Problem details
Beneath this line are entries. Copy the range from the line with "Meine Fotos sind" to the line with "- возможность выбора", ends included, exactly; leave pictures out.

Supplied records
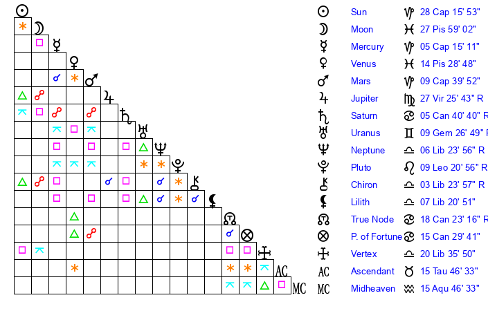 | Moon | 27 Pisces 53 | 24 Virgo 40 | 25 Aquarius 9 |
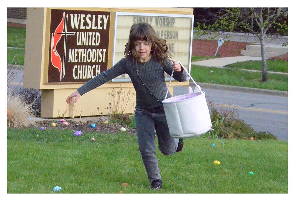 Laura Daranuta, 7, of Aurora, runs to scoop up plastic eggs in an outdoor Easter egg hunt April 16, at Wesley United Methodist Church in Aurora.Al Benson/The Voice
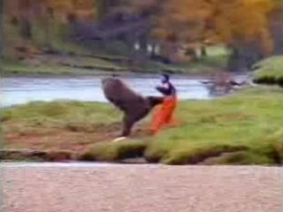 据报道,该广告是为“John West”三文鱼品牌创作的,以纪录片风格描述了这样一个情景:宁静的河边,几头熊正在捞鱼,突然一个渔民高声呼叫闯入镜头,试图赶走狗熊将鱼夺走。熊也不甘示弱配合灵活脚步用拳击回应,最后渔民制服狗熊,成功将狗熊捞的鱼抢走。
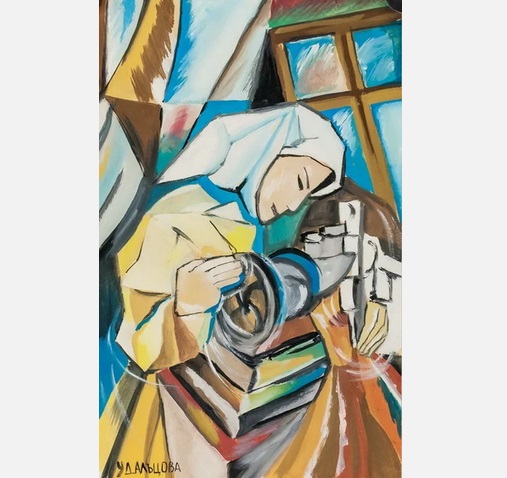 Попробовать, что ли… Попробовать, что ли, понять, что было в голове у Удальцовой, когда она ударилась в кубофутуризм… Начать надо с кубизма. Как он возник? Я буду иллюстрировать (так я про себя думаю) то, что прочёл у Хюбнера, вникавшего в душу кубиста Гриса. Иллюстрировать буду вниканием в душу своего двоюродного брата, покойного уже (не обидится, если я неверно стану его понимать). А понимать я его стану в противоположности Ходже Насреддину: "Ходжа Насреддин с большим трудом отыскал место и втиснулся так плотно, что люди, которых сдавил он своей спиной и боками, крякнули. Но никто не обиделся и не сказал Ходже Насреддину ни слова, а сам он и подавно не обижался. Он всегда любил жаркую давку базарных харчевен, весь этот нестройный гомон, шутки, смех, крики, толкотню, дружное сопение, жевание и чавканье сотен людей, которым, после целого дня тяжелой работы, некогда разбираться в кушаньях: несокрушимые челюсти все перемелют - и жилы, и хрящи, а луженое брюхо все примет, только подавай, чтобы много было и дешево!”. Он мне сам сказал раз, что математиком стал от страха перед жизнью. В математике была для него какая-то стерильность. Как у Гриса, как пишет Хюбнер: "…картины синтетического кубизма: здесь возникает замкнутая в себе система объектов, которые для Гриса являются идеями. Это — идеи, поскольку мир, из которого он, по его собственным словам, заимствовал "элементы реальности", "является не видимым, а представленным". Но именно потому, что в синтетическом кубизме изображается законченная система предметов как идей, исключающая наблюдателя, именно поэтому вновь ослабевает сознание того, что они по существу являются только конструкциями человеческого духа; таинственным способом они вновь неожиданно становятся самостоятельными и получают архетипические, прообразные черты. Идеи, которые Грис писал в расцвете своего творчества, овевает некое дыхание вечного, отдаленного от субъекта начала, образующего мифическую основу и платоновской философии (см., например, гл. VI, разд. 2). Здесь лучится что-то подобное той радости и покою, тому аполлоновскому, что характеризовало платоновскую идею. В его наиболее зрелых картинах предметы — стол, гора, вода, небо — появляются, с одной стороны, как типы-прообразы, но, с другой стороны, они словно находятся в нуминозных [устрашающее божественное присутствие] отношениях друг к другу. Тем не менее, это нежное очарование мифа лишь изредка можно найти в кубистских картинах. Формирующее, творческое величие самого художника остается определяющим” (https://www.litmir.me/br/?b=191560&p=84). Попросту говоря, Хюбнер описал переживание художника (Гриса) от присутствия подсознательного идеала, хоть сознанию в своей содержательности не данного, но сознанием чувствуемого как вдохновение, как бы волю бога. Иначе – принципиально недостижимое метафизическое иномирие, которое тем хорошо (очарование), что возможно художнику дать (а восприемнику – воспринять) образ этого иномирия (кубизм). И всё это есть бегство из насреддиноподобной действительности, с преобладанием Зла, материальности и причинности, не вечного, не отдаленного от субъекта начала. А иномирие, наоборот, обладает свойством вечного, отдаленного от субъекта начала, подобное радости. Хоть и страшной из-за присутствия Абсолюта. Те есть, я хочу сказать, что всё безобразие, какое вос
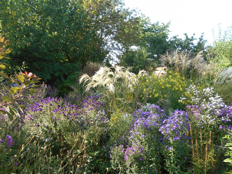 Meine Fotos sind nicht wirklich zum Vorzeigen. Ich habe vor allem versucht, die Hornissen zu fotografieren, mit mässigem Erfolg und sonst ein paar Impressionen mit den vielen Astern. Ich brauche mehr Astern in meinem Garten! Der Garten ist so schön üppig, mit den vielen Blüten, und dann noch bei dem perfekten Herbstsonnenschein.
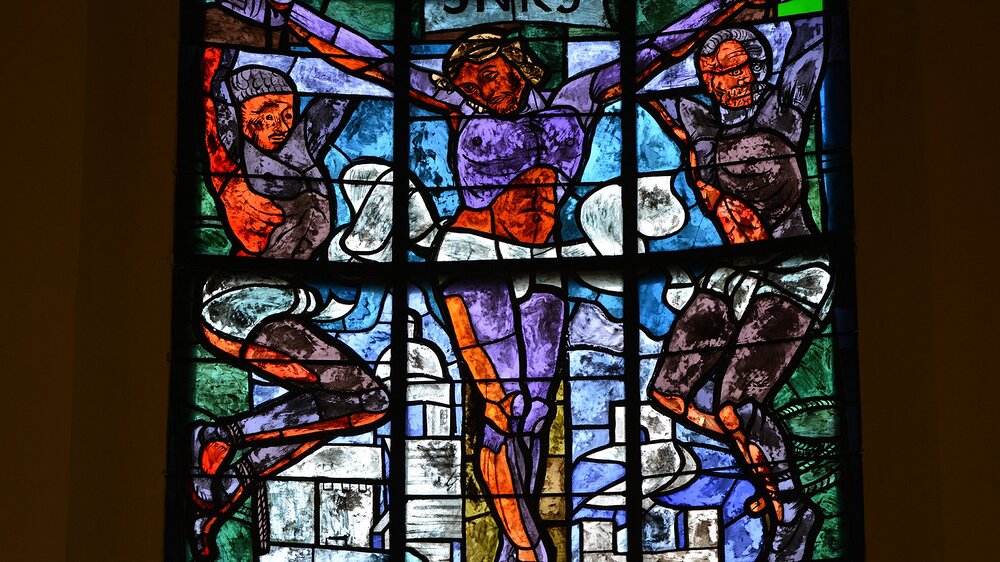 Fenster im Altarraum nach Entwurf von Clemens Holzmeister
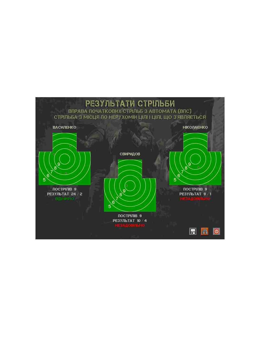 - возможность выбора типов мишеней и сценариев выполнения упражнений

--

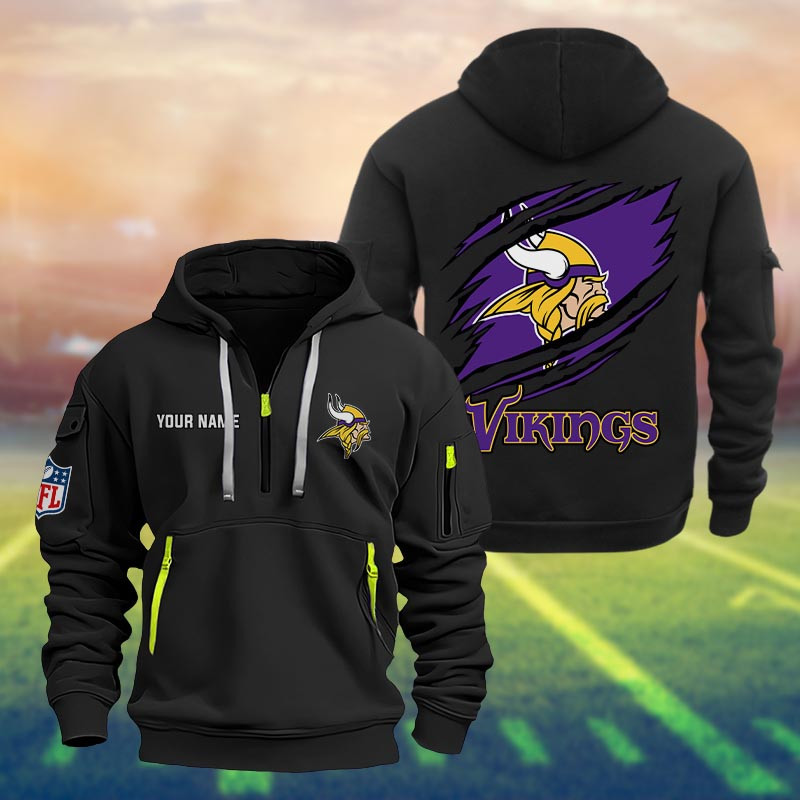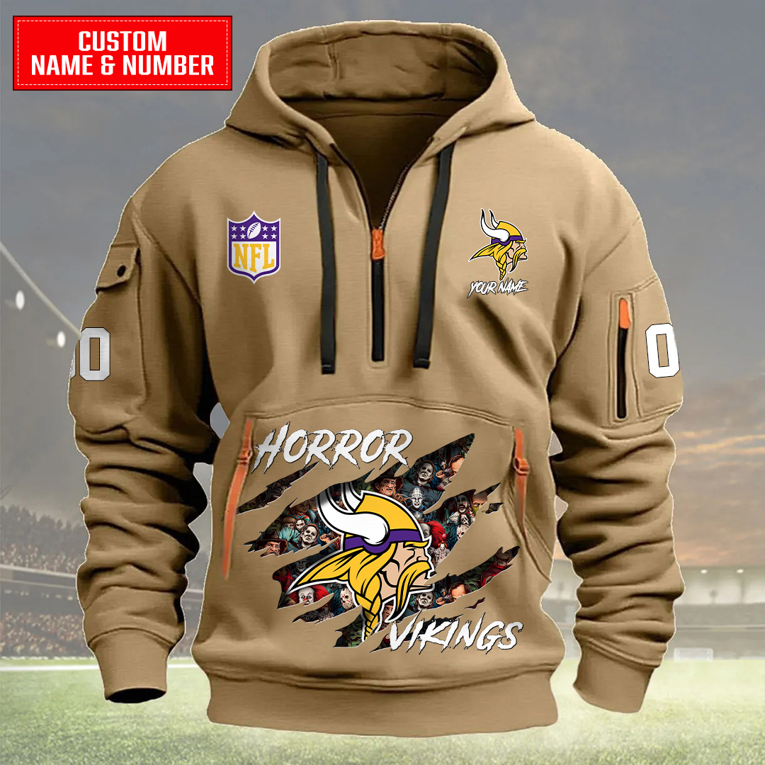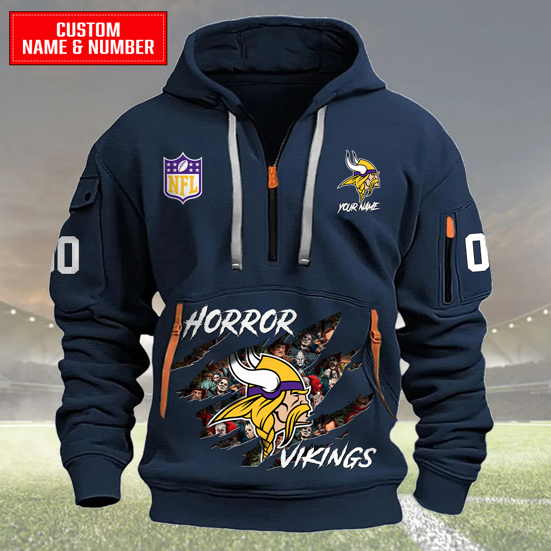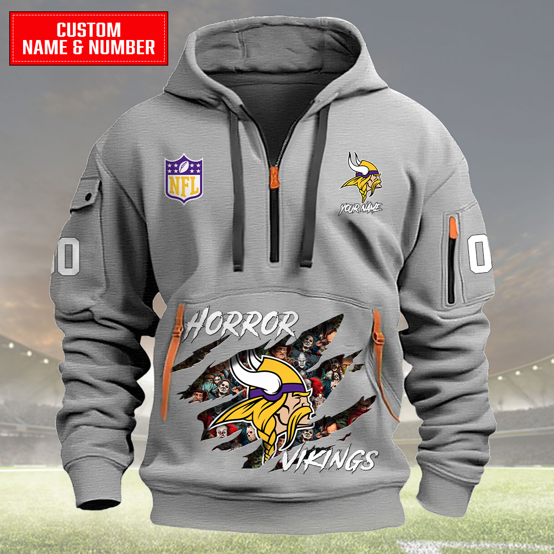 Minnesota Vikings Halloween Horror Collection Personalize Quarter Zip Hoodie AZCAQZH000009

==

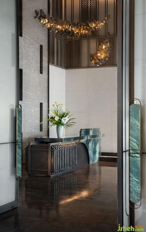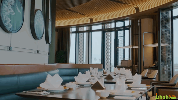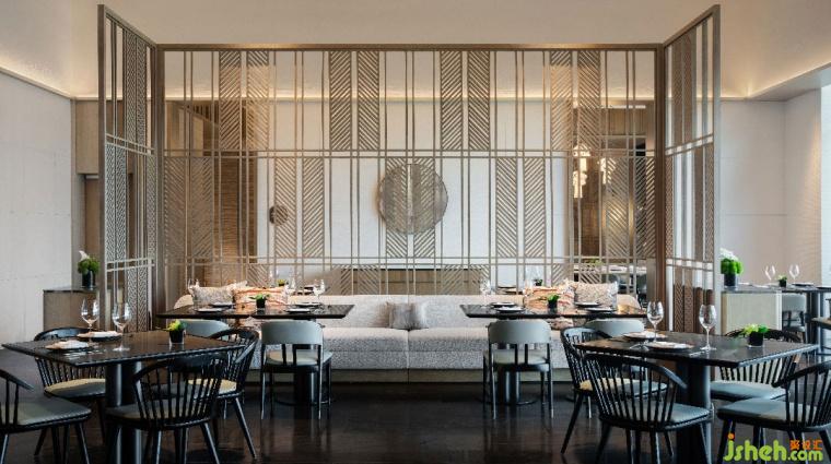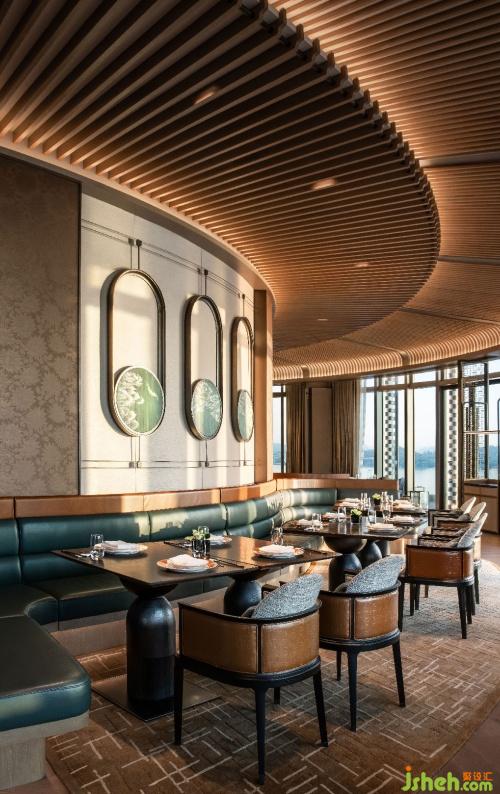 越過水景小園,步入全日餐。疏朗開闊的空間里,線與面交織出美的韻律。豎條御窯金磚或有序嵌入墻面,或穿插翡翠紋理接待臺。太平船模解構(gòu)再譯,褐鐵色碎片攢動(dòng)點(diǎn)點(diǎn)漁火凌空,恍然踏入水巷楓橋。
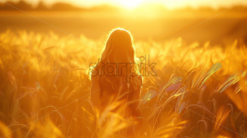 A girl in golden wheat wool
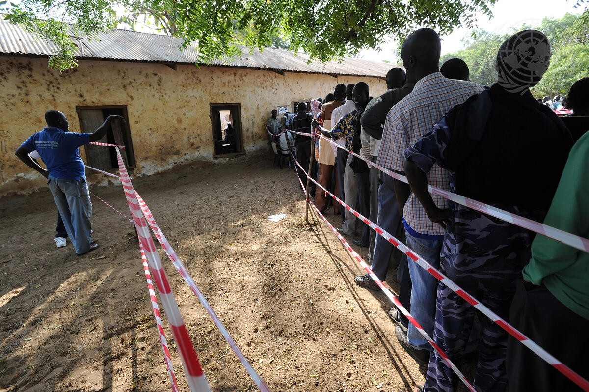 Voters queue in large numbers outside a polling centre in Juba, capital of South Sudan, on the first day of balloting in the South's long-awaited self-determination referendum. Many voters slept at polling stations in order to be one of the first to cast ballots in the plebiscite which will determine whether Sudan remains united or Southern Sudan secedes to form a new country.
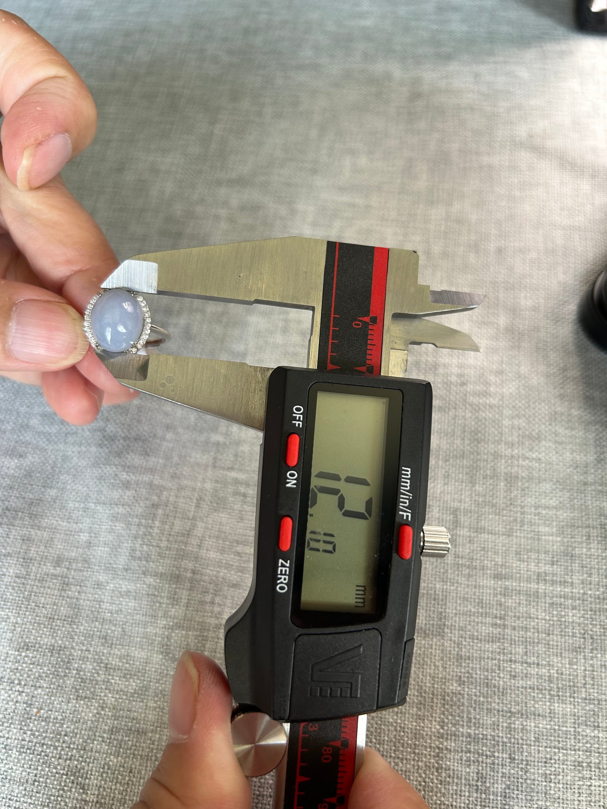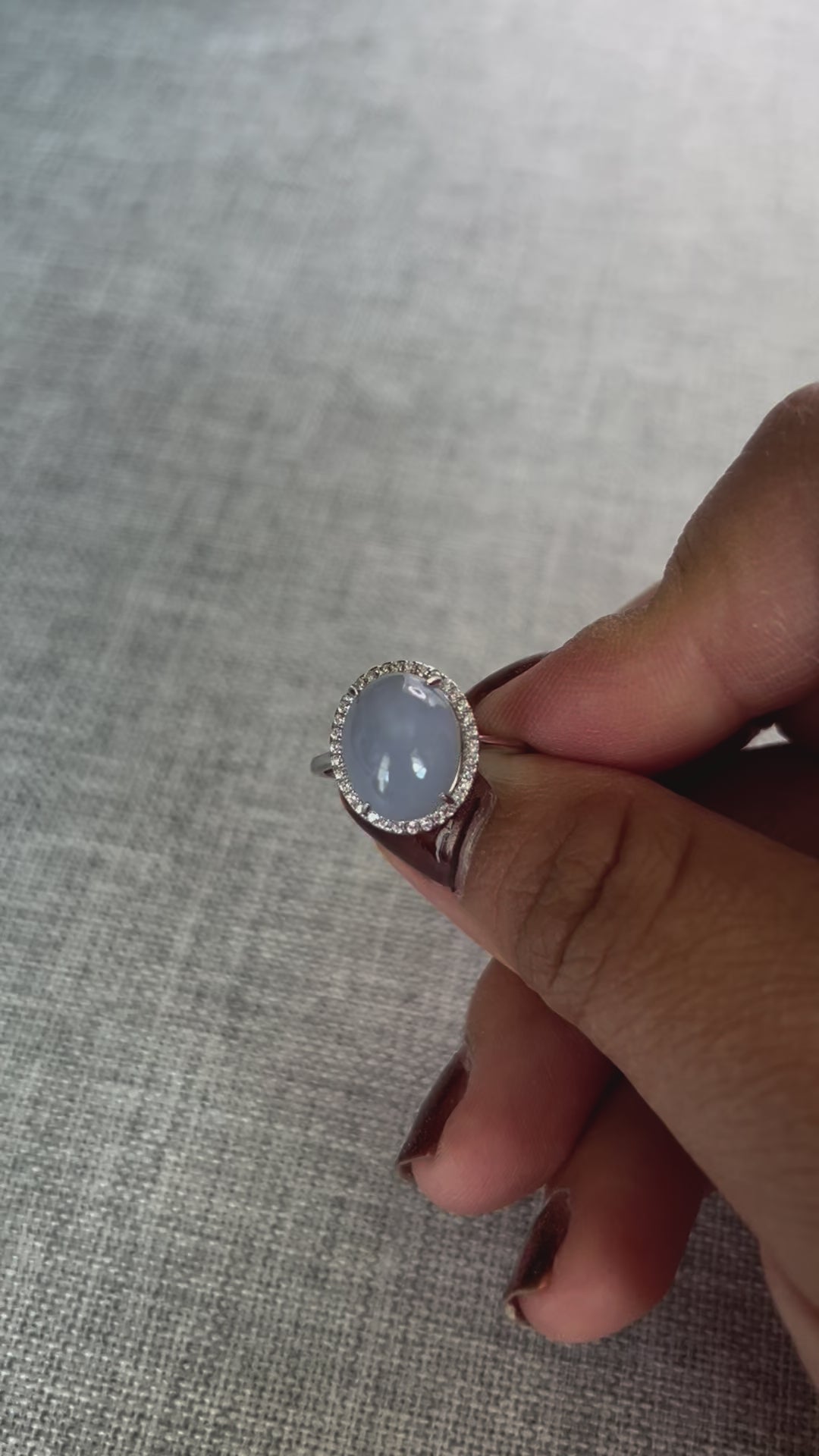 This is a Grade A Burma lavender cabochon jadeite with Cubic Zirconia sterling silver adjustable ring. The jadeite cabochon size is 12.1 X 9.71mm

The answer
 Meine Fotos sind nicht wirklich zum Vorzeigen. Ich habe vor allem versucht, die Hornissen zu fotografieren, mit mässigem Erfolg und sonst ein paar Impressionen mit den vielen Astern. Ich brauche mehr Astern in meinem Garten! Der Garten ist so schön üppig, mit den vielen Blüten, und dann noch bei dem perfekten Herbstsonnenschein.
 Fenster im Altarraum nach Entwurf von Clemens Holzmeister
 - возможность выбора типов мишеней и сценариев выполнения упражнений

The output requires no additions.